Prone
A frustrated office worker joins a yoga class as a way of coping with workplace stress. Contains content which may offend.
No office would be the same without the one thing we all hide in plain sight: the boiling of blood.
On a good day, you can practically smell it—the rising pressure of pulsing day-to-day exasperation, as observed in the fraught faces of office dwellers, their muted fury fermenting like cooking oil in a wok. And yet, no-one complains. After all, it’s what they signed up for.
Hearing his colleagues sound off by the water cooler, whinging like wurlitzers with every waltz down his corridor, Wayne was beginning to grow sick of it.
Like old piano wire on the brink of snapping, the dust of his daily tedium was causing his mind to take a turn for the honky tonk. He scowled.
Massaging the creases in his forehead, Wayne sat at his desk gabbling into his phone, repeating those lousy, corporate-approved excuses for what felt like the thousandth time.
He slammed the phone down and sighed, briefly burying his head in his hands.
‘Tell me,’ came a voice beside him. ‘Have you tried yoga?’
Wayne lifted his head up to see Keith looking down at him. The air-con vent gently blew Keith’s tufts of thinning, taupe hair in what seemed like a slo-mo interlude.
Registering the agitated look on Wayne’s face, Keith handed him a flyer. ‘You really should try it,’ he continued, ‘I swear by it.’
Wayne emitted a mild sigh and read the flyer. It was an advert for yoga classes held at his nearby village hall, emblazoned with fancy Hindi calligraphy.
‘Yoga? Really?’ He smiled. ‘You never struck me as the type, Keith…’
‘Oh yes, you best believe it. I love it actually. It’s really not what you think. It’s quite an eye-opener. Are you interested?’
‘I don’t know, mate. It doesn’t sound like the sort of thing I’d go in for.’

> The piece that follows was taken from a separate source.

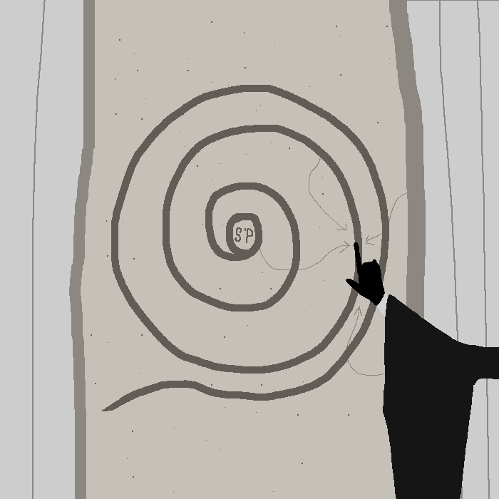Sam puts her hand on the concrete and begins to trace the spiral with her finger, outwards and then inwards.

Keith tilted his head to one side. ‘Listen,’ he started, ‘I hope you don’t mind me saying so, Wayne, but I can see how pissed off you were after hanging up that phone call just now. I see it every day—’
‘—So what? I’m stressed. Everyone is. It’s part and parcel of working in this bloody place, isn’t it?’
‘Stress is a silent killer, Wayne. You’ve got to kill it before it kills you.’ Keith pointed to the address on the flyer. ‘Trust me, yoga can help you. It will change your life. Next meet-up is tonight at 7pm—the least you can do is come and give it a try eh? First session is free, too. I can’t say fairer than that. What do you say?’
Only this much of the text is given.